Sunday, March 27, 2011

Why I Love Water Birth: part 2

Before Ana could start walking, we were looking at two happy pink lines again!  We had been in IL for Isaiah's birth, MI for Ana's birth, and now we were in CA looking for a midwife.  We couldn't possibly have more than one baby in any state, could we?  We found the best midwife for us, and began planning another home water birth. 
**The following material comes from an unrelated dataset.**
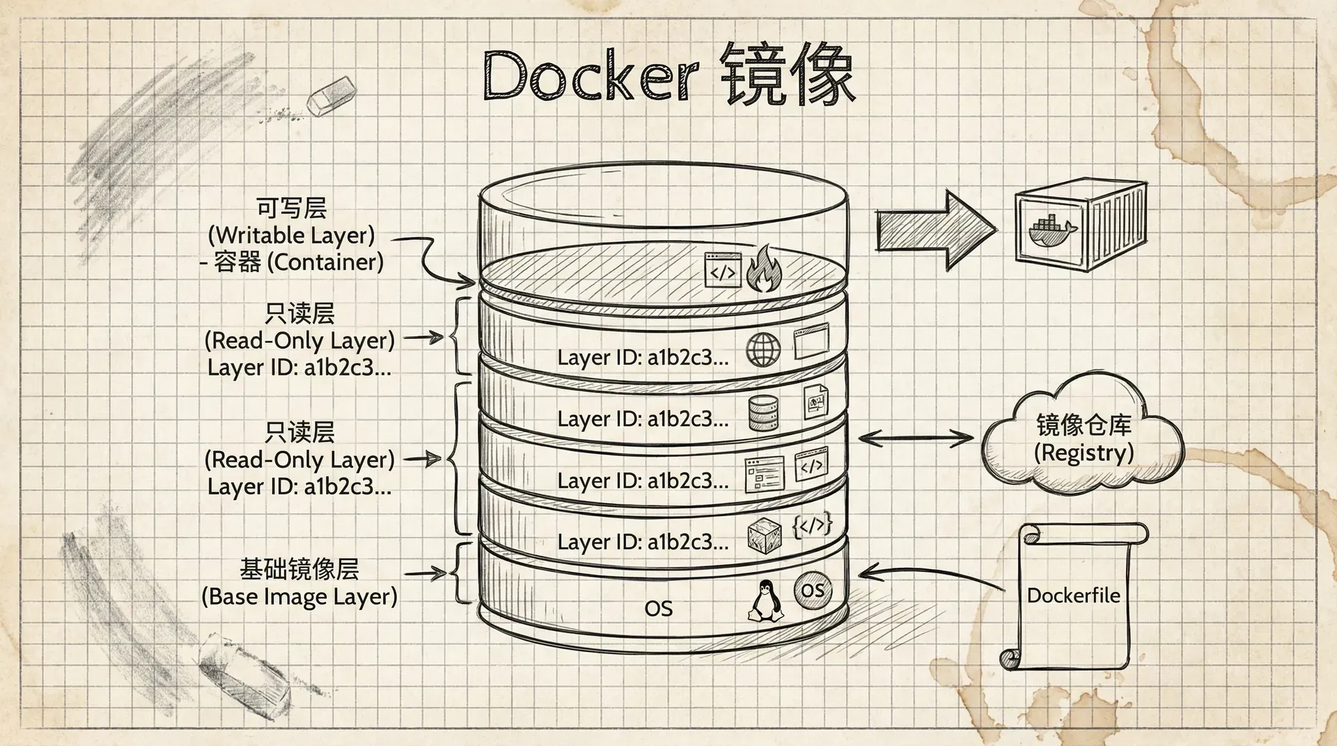 更有趣的是,Docker 镜像并非一个单一的文件,它更像一个“千层饼”或者“洋葱”,由许多层(Layers)堆叠而成。每一层都只包含一部分文件变更。 想象一下你正在制作一个披萨:

I knew I was in labor at about 1:30am.  I labored in bed for a while on my side.  I got on my knees and leaned over a chair, all the time moaning through contractions.  By now, Isaiah was about 1 month from being 4, and Ana was about 2 months from being 2.  I had practiced these birth noises with them so they wouldn't be scared when the time came.  It worked.  They weren't scared at all.  I had nice breaks between contractions too, which really helped.  Isaiah wanted to help me so badly, but kept getting in people's way.  So, I asked him if he could hug me through my contractions.  He was my doula for this birth!   
The pushing stage for this birth was way more intense than it had been with Ana's birth.  For the first time during active labor, I called out to God, thanked Him for this baby, and that "I can do all things through Christ who strengthens me" (Phil 4:13).  When it was time to push, I pushed like I had never pushed before.  His head came out.  There was a small break before the next contraction (seemed like forever!).  Then, I was pushing again.  He was so huge that I thought he was completely out when he was only out to his waist!  Elijah was 10lbs 14oz!  I couldn't believe it!  His birth was so gentle, and he was a beautiful chubby newborn.  Four months later, we found out he had severe hemophilia.  I am so thankful that we had such a gentle birth for him.  I believe the water birth was a major reason why he was so big and did not have any bleeds or bruising, and I did not tear at all. 

By the time we were expecting our fourth little one, we knew that I was a carrier of hemophilia.  I have written all these stories before, and have recently posted the story of "Our Journey".  Please read it to get the full story of how we began birth planning with the knowledge of hemophilia being a possiblility.  We moved from CA to NY when I was 6 months pregnant.  I found a midwife, and we started planning a homebirth with the goal of drawing cord blood and transporting the specimen from home to a lab.  That plan did not work out.  We had to consider a hospital birth.  I met with the perinataltologist.  I explained to her that water birth was the safest, most gentle way I knew how to birth, our large hemophiliac baby had been born in water at home with no problems at all, and I insisted that our fourth baby's birth was just as gentle.  Malakai was the first water birth ever for this hospital.  His birth was so gentle that his water never broke until his shoulders were born. 

I know I've shared all these stories in length before, but I wanted to give a fresh review to illustrate where I'm coming from with water birth.  Based on my experience, I love water birth because:
  • It calms my pain and discomfort.
  • It relaxes my body.
  • It softens my perineum, and helps me not tear.
  • Because I am so relaxed, I can get in the best possible position for my pelvis to be at maximum size.
  • I can easily move to different positions at will.
  • Because I am so relaxed, my whole body opens to birth my baby as gently as possible.
  • It gives me my own space, and I feel safe. 
  • Being in the water helps me feel covered, and I don't feel so exposed and vulnerable.
I am now 13 1/2 weeks pregnant with our fifth baby.  Malakai is 16 months old, Eli is 3, Ana is 5, and Isaiah is 7.  In about 5 weeks we will find out if this baby is a boy or a girl.  There is no question that we will be planning another water birth.  We hope to have a home birth, but if we must consider a hospital, we will plan a water birth there.  Hemophilia babies need a gentle birth even more than other babies do, and I am so thankful that we already practiced such a gentle way of birthing even before we knew hemophilia was a part of our lives.